Kann mir villeicht jemand die  Vor und Nachteile zwischen "normalen Events" wie onClick und  der DomReady funktion erklären?
Bei mir blockiert sich mit DomReady der code selbst.....darum frage ich mal!?

Gruss Binz


----------



## Sven Mintel (26. Mai 2008)

onDomReady ist zu vergleichen mit onload, nur mit dem Unterschied, dass onload feuert, wenn das komplette Dokument inklusive aller "externen" Objekte wie Bilder, Stylesheets, Skripte, <object>'s etc. geladen wurde.

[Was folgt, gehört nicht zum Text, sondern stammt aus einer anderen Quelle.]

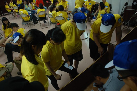 25日早,參訓人員在公司門口集合出發。本次活動由人力資源總部策劃實施,設計了二維解碼、數讀、大風吹、分組等團隊游戲和分享總結環節?;顒蝇F場,各組人員積極投入,尤其在二維解碼游戲中,大家更是將團隊精神發揮得淋漓盡致。每個組排成一個縱隊,前后兩人負責解碼和擺牌,中間的人則負責傳遞信息。大家緊密配合,縝密推理,通過團隊配合,排除各種障礙,最終達成目標。過程縱然緊張,但為能順利完成任務,大家都樂此不疲。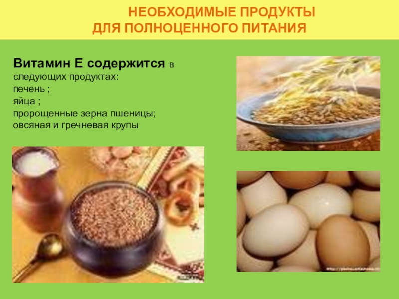 Витамин Е содержится в следующих продуктах:

onDomReady feuert, wenn die DOM-Struktur des Dokumentes gelesen wurde, also das, was man im Quelltext sieht...ohne die externen Quellen.


----------



## FipsTheThief (27. Mai 2008)

Ich will auch gleich mal eine Frage bezüglich domready stellen , einen neuen Thread wollte ich nun nicht extra aufmachen da es ja das selbe Thema ist in gewisser Weise man verzeihe mir.

Also ich hab mir damals ein JS Import Script gebastelt welches auf die selbe Funktionsweise ging , wenn der Inhalt geladen ist führe es aus.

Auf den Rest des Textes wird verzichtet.